Think you have to be short and lightweight to work in horseracing? Below we answer common misconceptions about the sport of horseracing.
I am too tall to work in racing
There is no height limit for riding racehorses, to ride racehorses there is a weight limit for the welfare of the racehorses but height is unrestricted.
You have to be able to ride a horse to work in racing
Whilst having previous riding experience is beneficial, it is by no means essential. Many apprenticeship students have no riding or horse handling experience as all of this is taught during the apprenticeship. There are also many other jobs in the racing industry which are office based, so no horse handling or riding skills are required.
Working in horseracing offers limited career progression
The horseracing industry offers a wide variety of job roles at varying levels, there are entry points for apprentices and graduates as well as a postgraduate MBA degree. Through Racing Welfare’s Careers Advice and Training Service and BHA’s Careersinracing Team, careers advice and support is available for all those working in the industry.
I have to have experience to work in Horseracing
Apprenticeships are a common route into the horseracing industry for young people and require no previous horse riding or handling experience.
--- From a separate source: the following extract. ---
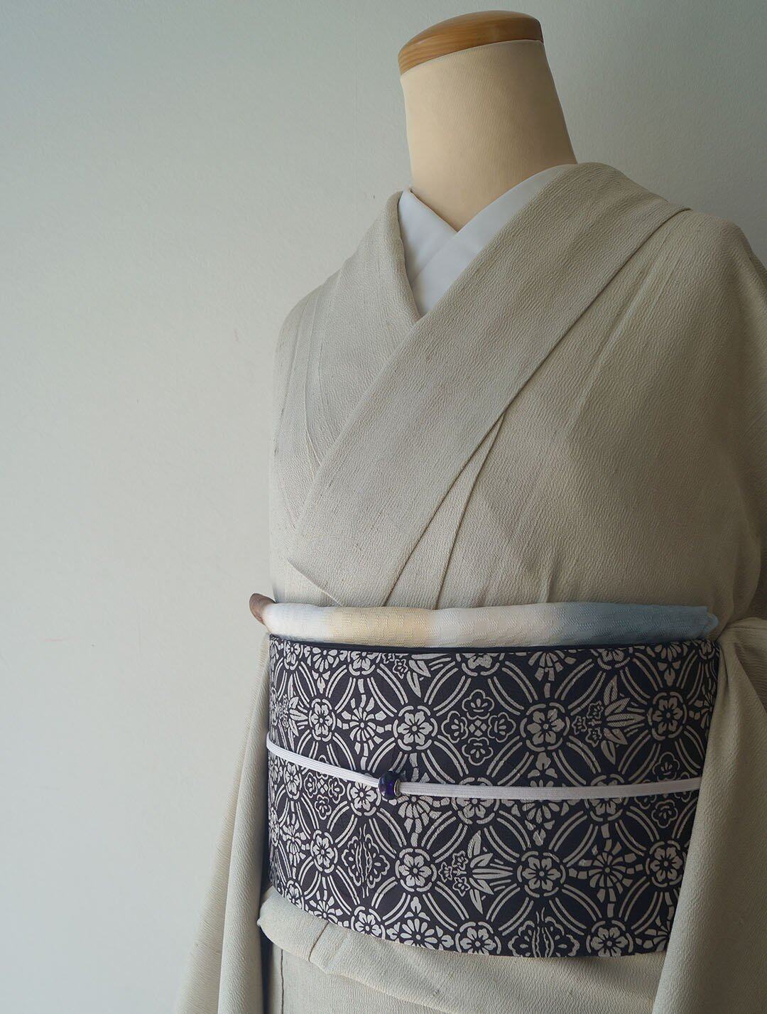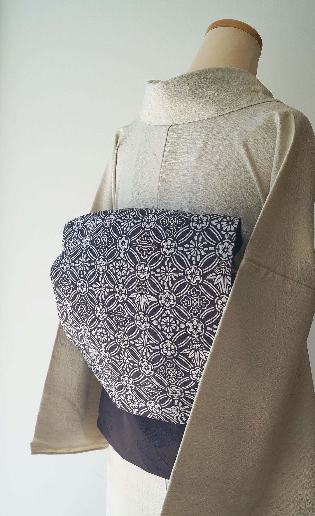 白梅鼠色の七宝繋ぎ文のなごや帯です。

There are apprenticeships on offer in both the racing and breeding sides through the Northern Racing College, National Stud, The British Racing School and Haddon Training.
I don't want to be a jockey, so working in racing is not for me
There are such a variety of careers on offer in the horseracing industry that there really is something for everyone. There are both practical roles working directly with horses and commercial/business roles at racecourses and racing authority's.
Working with horses is poorly paid
Horseracing is the only equestrian discipline to have a wage agreement in place for Stable Staff. Other benefits include a pension scheme, RIABS insurance and pool money.